На бороде его осталось белое пятно муки от хлеба и прыгало вместе с обгорелыми зубами. Он ел мякушку и добродушно говорил:

- А я думал, ты уж умерла... Ишь - старая...

- Умру, сынок, ужо умру. Вот скоро уж отмаюсь...

- А братья не умерли?

- Нет, Бог несет...

- Поди, не выгонят? Теперь лето: работать начну!

Старуха скорбным и долгим взглядом посмотрела на Степашку, все такого же простодушного и дикого, как десять и двадцать лет назад, когда он был парнишкою, и спросила:

- Где же погулял, побродяжил, сынок?

- А побыл кое-где... В тайге на приисках работал... На плотах потом лес плавил, нанимался... Потом на баржах караульщиком жил. Потом стосковался - домой потянуло...

- А до святых-то мест не дошел, видно?..

Степан вздохнул, подумал и ответил:

- А кто их знает, где они... Далеко, говорят...

Он еще вздохнул и замолчал.

Посидели молча. Поочередно поглядывали в даль, где в овраге спряталась деревня, маяча тополевой рощей, и пошли по полосе зеленых всходов.

Впервые в жизни много говорили, впервые чувствовали теплоту родства и ласки и медленно бродили по родным местам.

Затем, когда старуха позвала домой, Степан сказал:

- А я останусь тут... Хлебца мне пришли пораньше, я буду здесь што-нибудь делать...

- А домой-то как же?..

- А не пойду я... Там опять все, как собаки, за полы хватать начнут... Я лучше тут... Построю балаган... Братьев ждать буду...

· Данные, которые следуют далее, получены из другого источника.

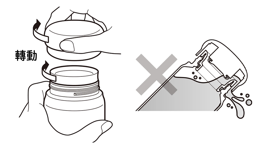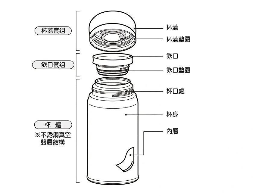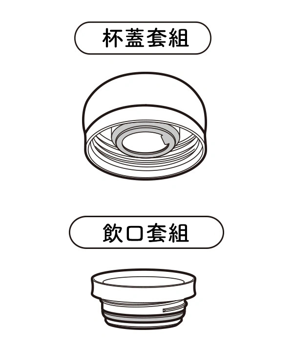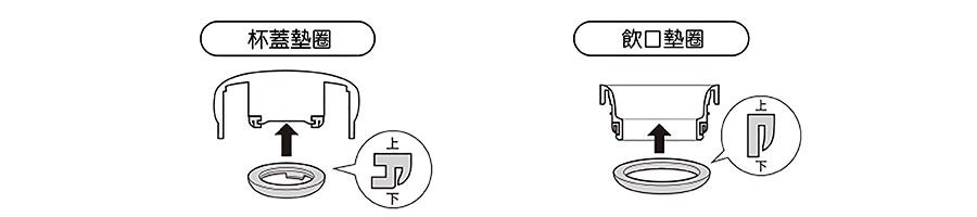 - 請在確認墊圈是否安裝正確、杯蓋套組和飲口套組是否正確擰緊後使用。否則可能會導致漏水等情况。
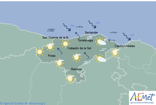 Temperaturas máximas y mínimas previstas: Cabezón de la Sal, 18 y 8 grados; San Vicente de la Barquera, 16 y 9; Santander, 17 y 10; Castro Urdiales, 16 y 11; Potes, 22 y 5; Reinosa, 18 y 2; y Torrelavega, 19 y 8 grados.
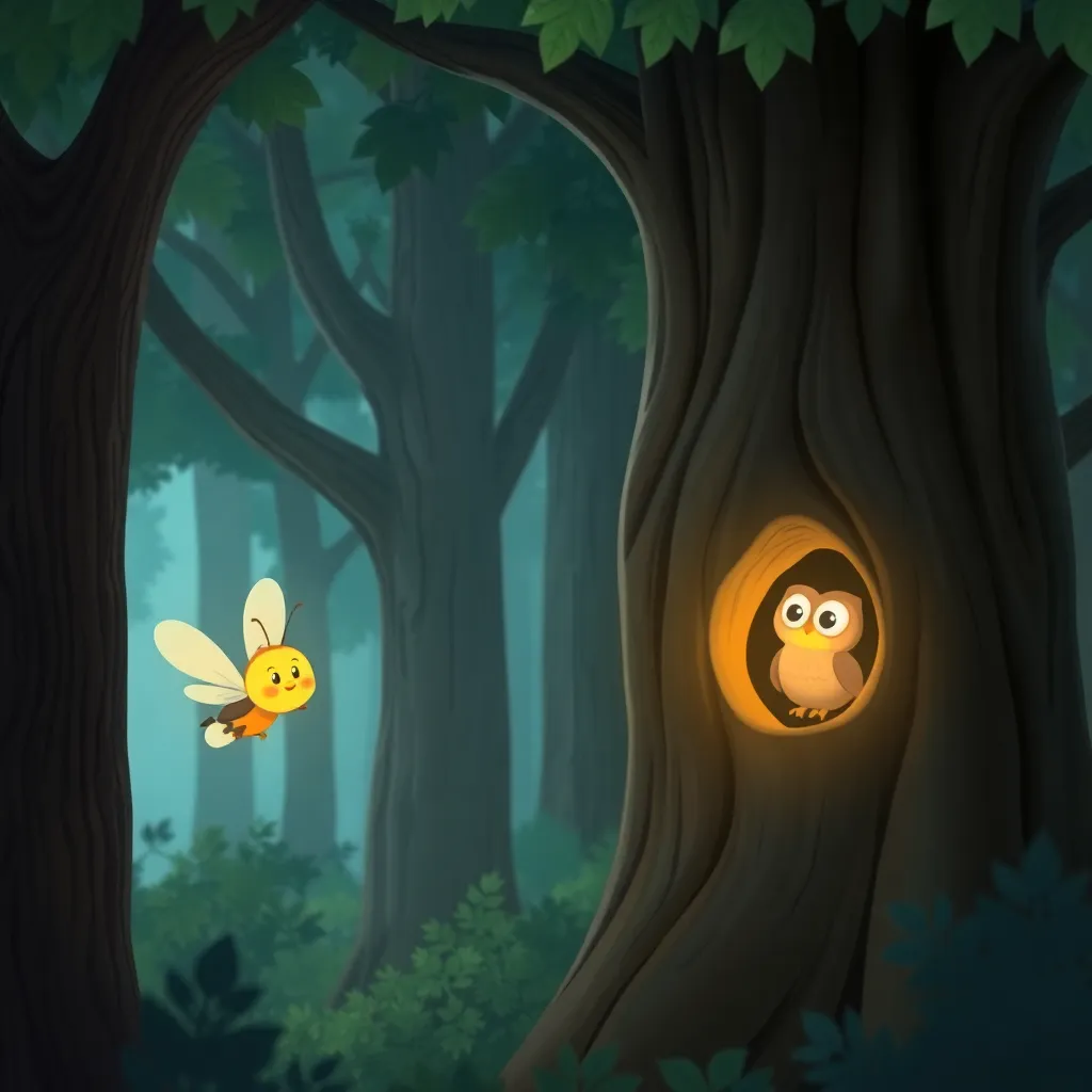 Derin, karanlık ve sessiz bir ormanda, diğer tüm hayvanlar uykuya dalmışken, küçük ateşböceği Lumi uyanıktı. Lumi, minik bedeninden yayılan sıcak, altın sarısı bir ışıkla parlıyordu. Ancak bu gece bir şey farklıydı. Lumi, ormanın ne kadar karanlık ve hüzünlü göründüğünü düşünüyordu. 'Keşke arkadaşlarım gece de oyun oynayabilse, yıldızları seyredebilecek kadar ışık olsa,' diye mırıldandı kendi kendine. Bu düşünceyle, kanatlarını çırparak yükseldi ve ormanın en yüksek ağacının tepesine, Bilge Baykuş'un yuvasına doğru uçtu. Belki ona bu konuda bir fikri vardır.
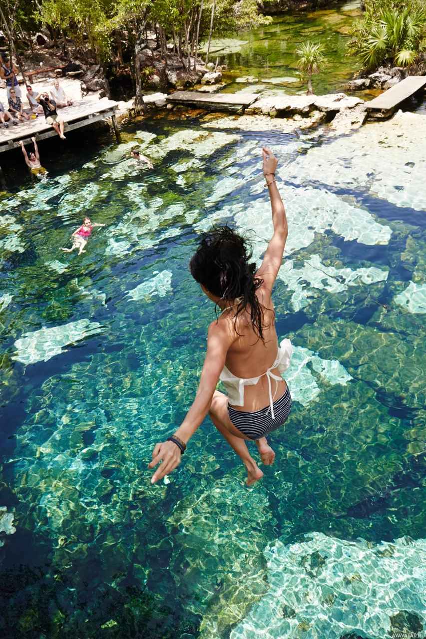 long hair. She is wearing a bikini and seems to be jumping into water from a platform above
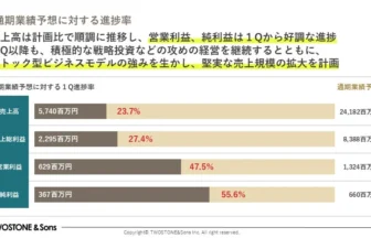 株式会社TWOSTONE&Sonsは、2026年8月期第1四半期決算を発表しました。積極的な戦略投資にもかかわらず、売上高は前年比38…
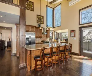 This luxurious 3,000 square foot, 5-bedroom, 3 1/2 bath, three-level home accommodates up to 10 people and is situated directly across from the ski slopes and has lots to offer all year round. Boasting premier finishes throughout and is fully equipped with all that is needed for a perfect stay! Enjoy two fireplaces, flat screen TVs in all bedrooms and living room, radiant heat, central humidifier, a large slope-facing deck with a barbecue grill and outdoor furniture. The private seven-person hot tub overlooks the slopes making it a perfect place to unwind after a long day of skiing or hiking!
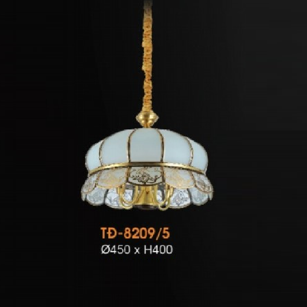 - Sản phẩm: VE - TĐ - 8209/5: Đèn thả đồng - KT: Ø450mm x H400mm - Đèn chân E14 x 5 bóng
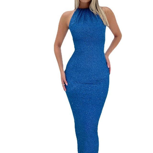 Sleeveless High Neck Glitter Maxi Bodycon Dress CG22

Матвеевна ушла домой одна и не сказала никому, что видела Степана, но утром завязала в узелок ему крупы и хлеба и шепотом сказала сыну-большаку:

- Отвези на пашню: там гость у нас...

Большак не понял материных слов, пока не повстречал на пашне отыскавшегося брата.

IV

тепан зажил возле бугра-кургана в самодельном шалаше из соломы и дерна. Время было гулевое, когда на полях еще работы не было, когда большак Матвеевны часто поглядывал на небо и ждал дождя, чтобы было что косить и жать в страду. Но изредка он ездил на пашню и как-то нехотя останавливался у Степанова шалаша. Степан обыкновенно что-нибудь чинил: либо сапоги, либо рубаху, и когда приходил к нему большак, он швыркал носом, мельком взглядывал единственным глазом на бородатого брата и глухо первый говорил:

- Здорово, братан!

- Здорово! - уже потом приветствовал пришедший и небрежно бросал к ногам Степана узелок с хлебом или мешок с картошкой.

Большак был доволен, что Степан живет на пашне, но в разговоре с ним был краток и суров.

- Мать баню топит: приходи, вымойся...

- Рубахи нет чистой, - уклонялся Степан.

- Какую-нибудь найдем, дадим...

Степан молчал в ответ, и видно было, что он не пойдет в деревню.

- Тут скот, того гляди, в хлеба зайдет. Караулить надо! - говорил он брату, когда тот намеревался уезжать обратно.

- Дело твое, а помыться бы надо... Да и в церковь бы сходил, Богу помолился... А то живешь, как басурман.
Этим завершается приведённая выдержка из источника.